Broad Institute & Google Genomics Combine Bioinformatics and Computing Expertise
News Jun 25, 2015
Broad Institute of MIT and Harvard is teaming up with Google Genomics to explore how to break down major technical barriers that increasingly hinder biomedical research by addressing the need for computing infrastructure to store and process enormous datasets, and by creating tools to analyze such data and unravel long-standing mysteries about human health.
As a first step, Broad Institute’s Genome Analysis Toolkit, or GATK, will be offered as a service on the Google Cloud Platform, as part of Google Genomics. The goal is to enable any genomic researcher to upload, store, and analyze data in a cloud-based environment that combines the Broad Institute’s best-in-class genomic analysis tools with the scale and computing power of Google.

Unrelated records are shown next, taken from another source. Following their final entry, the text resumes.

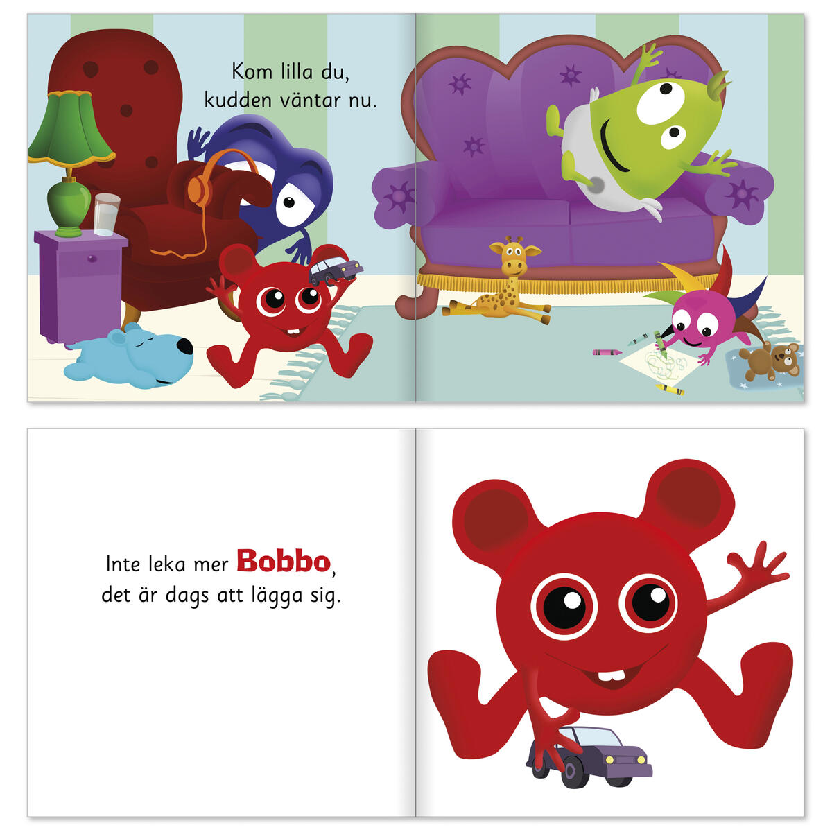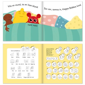 Tips 1! Till boken kommer en godnattleksak i form av ett gosigt bokfodral med små miniBabblarna för barnet att själv natta. Godnattleksaken är ett tillbehör som beställs på artnr 116629.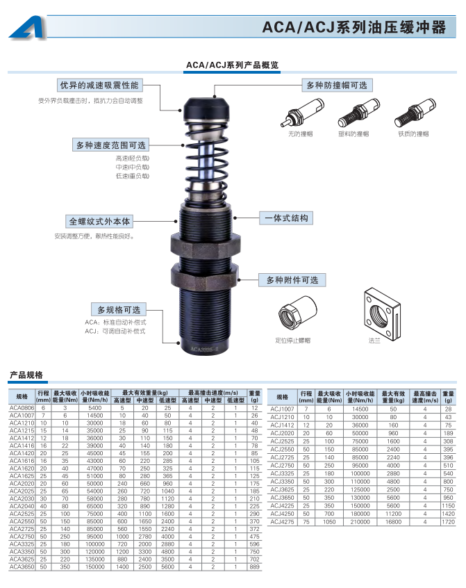 ACA/ACJ系列油壓緩沖器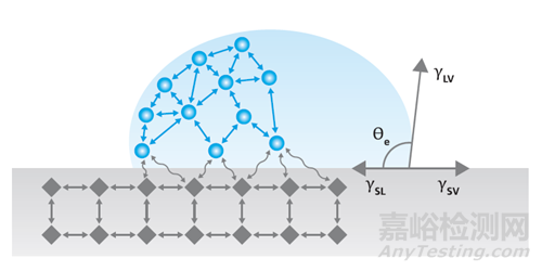 γsv是固體表面自由能,γsl是固體和液體之間的界面張力,γlv是液體的表面張力,θy是接觸角。當確定固體表面自由能時,需要知道或測量方程的右側(cè)。表面張力和接觸角很容易測量,但液體和固體之間的界面張力測試很難。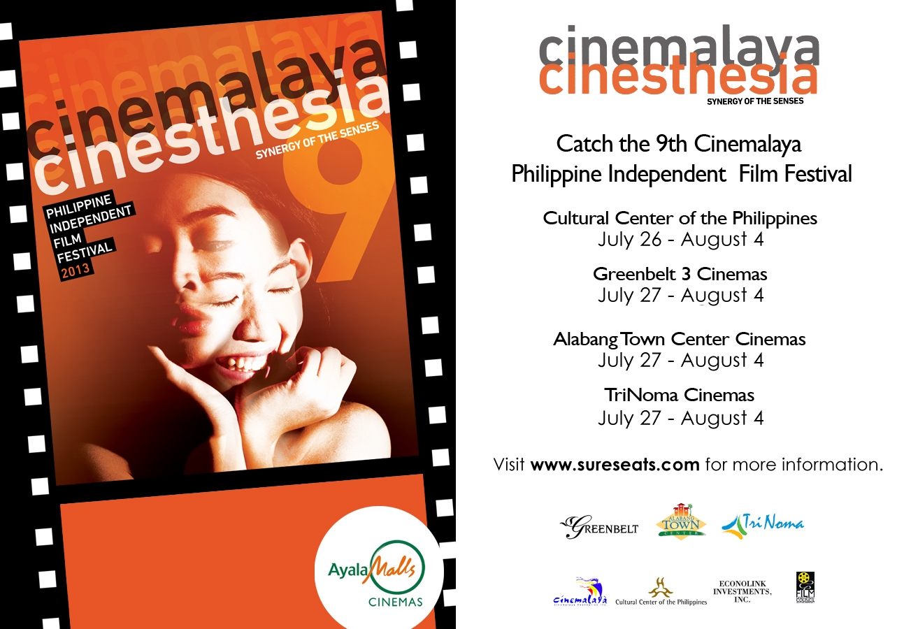 Cinemalaya entries will open in three Ayala Malls Cinemas – Greenbelt3, Trinoma and Alabang Town Center starting July 27 until August 4. Check out www.sureseats.com for schedule.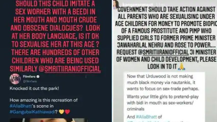 कंगना ने इंस्टाग्राम पर इस वीडियो को शेयर करते हुए लिखा, ”क्या इस बच्ची को मुंह में बीड़ी रखकर घटिया और भद्दे डायलॉग बोलकर सेक्स वर्कर की नकल करनी चाहिए? इसकी बॉडी लैंग्वेज देखिए, क्या इस उम्र में इसे सेक्सुअलाइज करना ठीक है? सैकड़ों बच्चे हैं जिनका ऐसे ही इस्तेमाल किया जा रहा है।’ इसके साथ ही कंगना ने इस पोस्ट में महिला एवं बाल विकास मंत्री स्मृति ईरानी को भी टैग किया है।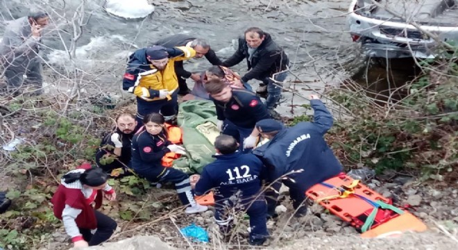 Dereye düşen otomobil vinç yardımıyla çıkartılırken, yaralıların durumlarının iyi olduğu öğrenildi.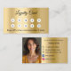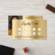 Construir la fidelidad del cliente con estilo con esta tarjeta de fidelización de negocio de oro. La parte delantera cuenta con elegantes círculos para marcar cada compra o visita, mientras que la parte posterior incluye espacio para el logotipo de su empresa, información de contacto. Ideal para salones, cafés, boutiques y negocios de servicios que quieren mantener a los clientes de vuelta. Diseñado profesionalmente para hacer que su marca destaque en línea y en persona. Al frente: Añade un descuento. Atrás: Personaliza y agrega tu nombre, título, número de teléfono, correo, dirección del sitio web. Iconos de Facebook e Instagram.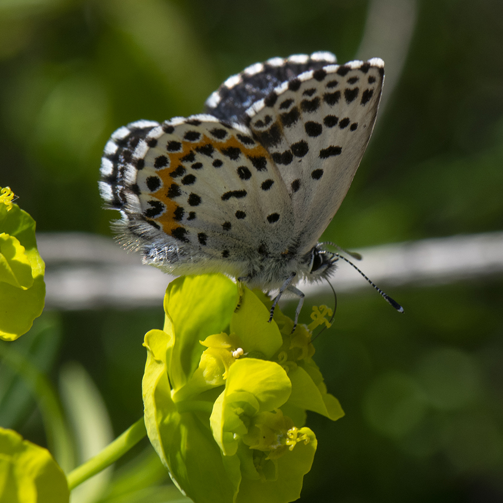 Fetthennen-Bläuling (Scolitantides orion) auf Wolfsmilch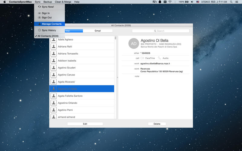 *智能的联系人比对算法,保证在Gmail和Mac联系人同步时,能够最大限度的合并同名联系人信息,防止出现重复的联系人或者更多的垃圾信息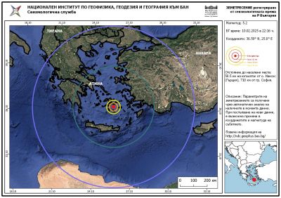 Снощи край Санторини бе регистриран трус с магнитуд 5.2 по скалата на Рихтер. По данни на Националния сеизмологичен център към Националния институт по геофизика, геодезия и география към БАН, събитието е с епицентър на 580 км от град Гоце Делчев и на 710 км от София.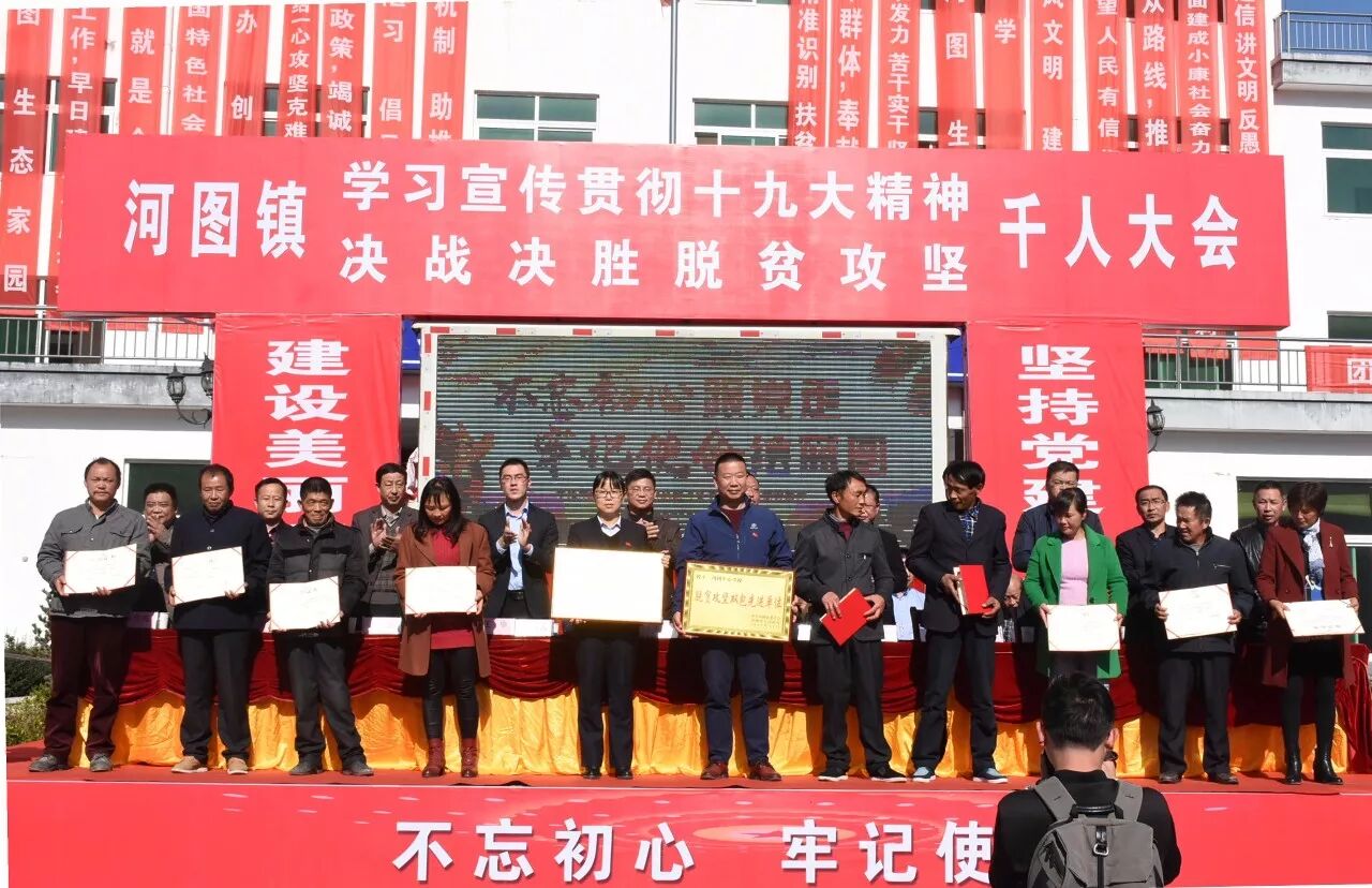 11月15日,河图镇召开“学习宣传党的十九大精神,决战决胜脱贫攻坚千人大会”。来自全镇21个党支部的600多名党员参加了大会。这是主席台领导为获得“四个一批”先进单位和先进个人颁奖授牌。
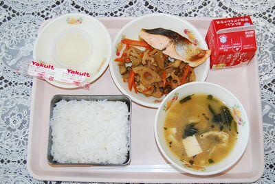 ますの塩焼き 五目きんぴら 小松菜とじゃがいものみそ汁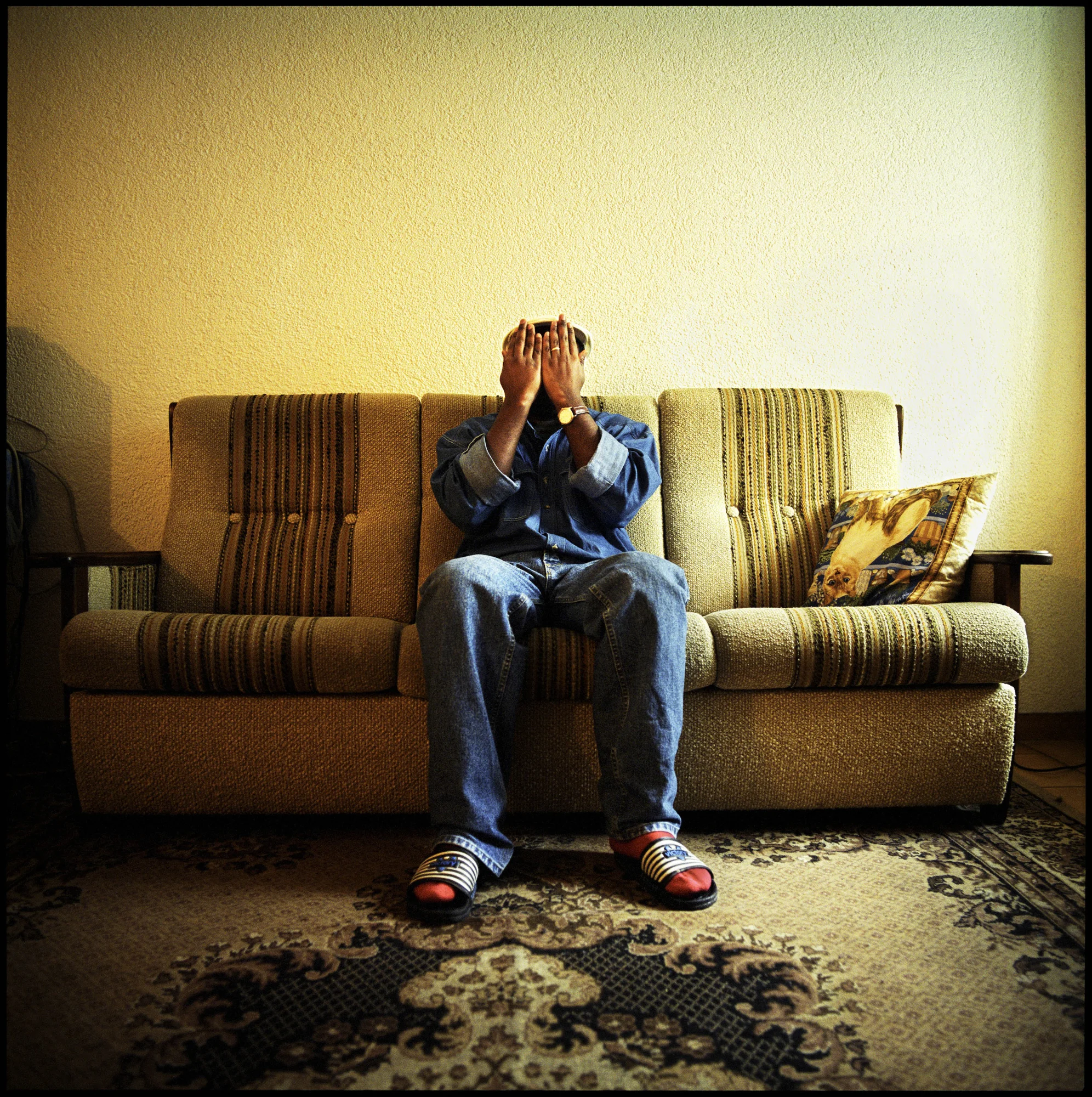 Salon d'un couple de requérants d'asile originaire d'Angola. Ils n'ont plus droit à l'aide sociale depuis mars 2008 et ont reçu une lettre d'expulsion de leur appartement. Sans revenus, leur perspective est d'aller vivre dans un des foyers gérés par l'entreprise privée, ORS Service AG, qui encadre les requérants d'asile dans le canton de Fribourg. Fribourg, mars 2008.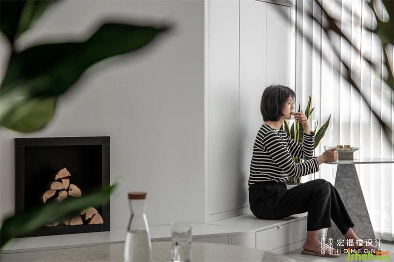 納入客廳的陽臺也保留住了原始功能,利用豎百葉將自然光線柔和、過濾后再引入室內(nèi)。在地臺柜旁放置小邊幾,不論晴天或陰雨天,品上一杯清茶,吃上一塊糕點,心情便會隨之搖曳游動。

GATK is a software package developed at the Broad Institute to analyze high-throughput genomic sequencing data. GATK offers a wide variety of analysis tools, with a primary focus on genetic variant discovery and genotyping as well as a strong emphasis on data quality assurance. Its robust architecture, powerful processing engine, and high-performance computing features make it capable of taking on projects of any size.
GATK is already available for download at no cost to academic and non-profit users. In addition, business users can license GATK from the Broad. To date, more than 20,000 users have processed genomic data using GATK.
The Google Genomics service will provide researchers with a powerful, additional way to use GATK. Researchers will be able to upload genetic data and run GATK-powered analyses on Google Cloud Platform, and may use GATK to analyze genetic data already available for research via Google Genomics. GATK as a service will make best-practice genomic analysis readily available to researchers who don’t have access to the dedicated compute infrastructure and engineering teams required for analyzing genomic data at scale. An initial alpha release of the GATK service will be made available to a limited set of users.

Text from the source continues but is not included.